Thought I'd post this.


http://aol.nba.com/suns/news/diaw_050825.html
















> Diaw Delighted with Being a Sun
> 
> 
> By Josh Greene, Suns.com
> ...


----------



## Ezmo (May 11, 2003)

hm...so he and barbosa will share backup PG duties? or do you think he will be playing more behind raja?


----------



## Dissonance (Jul 21, 2004)

Ezmo said:


> hm...so he and barbosa will share backup PG duties? or do you think he will be playing more behind raja?


Prolly both PG and SG.


----------



## Tiz (May 9, 2005)

I would assume he would be delighted to be out of Atlanta and being on a winning team.


----------



## xtf (Jun 20, 2003)

Boris Diaw is showing all his skills for the moment with the french NT in a Eurobasket 2005 preparation tournament in Turkey. 
You can follow his evolution on www.europeanprospects.com 
I will put there a big report on that tournament in the next days


----------



## CrackerJack (Jul 2, 2005)

Tiz said:


> I would assume he would be delighted to be out of Atlanta and being on a winning team.


that sounds more correct


----------



## ATLien (Jun 18, 2002)

Tiz said:


> I would assume he would be delighted to be out of Atlanta and being on a winning team.

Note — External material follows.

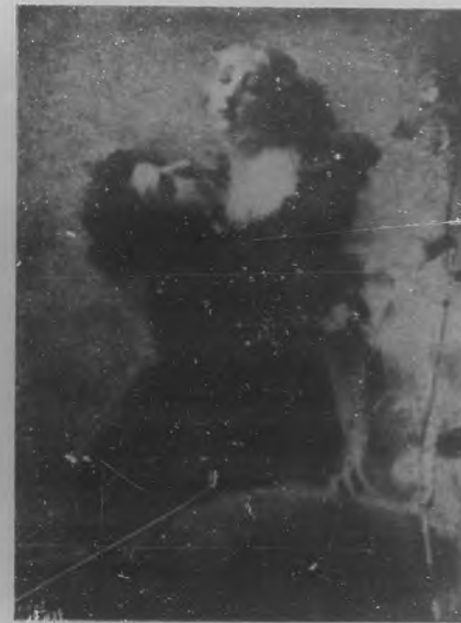
Tranquillo Cremona. "La hiedra".

nuestro gusto, más verista, es Ludvig Dettmann, cuyos "Sembradores" son tan reales como los de Millet y que sabe pintar escenas de nuestra vida cotidiana tan hermosas como "Mañana es día de fiesta" y la "Cena eucarística".

this dude couldn't get PT on a 13 win team. he's gonna be in europe by the end of the year.


----------



## BootyKing (Apr 7, 2005)

Yeh and Atlanta should move the whole team to Europe


----------



## Kekai (Jan 12, 2005)

What is going to be the rotation exactly? If Boris plays PG, Barbosa gets no PT, if he plays SG, he will get no PT because of JJax.


----------



## BootyKing (Apr 7, 2005)

I believe he Diaw will get minimal minutes. Barbosa is a better player then Diaw, unless diaw can prove himself he will get small amount of minutes.


----------



## Kekai (Jan 12, 2005)

So our PG-SF rotation will be

Nash, Barbosa
Bell, Jackson
Marion, Jones

Adding Diaw in there somewhere Im guessing.


----------



## azirishmusic (Feb 25, 2004)

Based on statistics, Diaw does not look like much. I've read reports that he was very good in the summer leagues and more lately in the FIBA qualifying. What is attracting attention is that he is scoring, rebounding, playing good defense, and is universally perceived as doing a better job than Tony Parker.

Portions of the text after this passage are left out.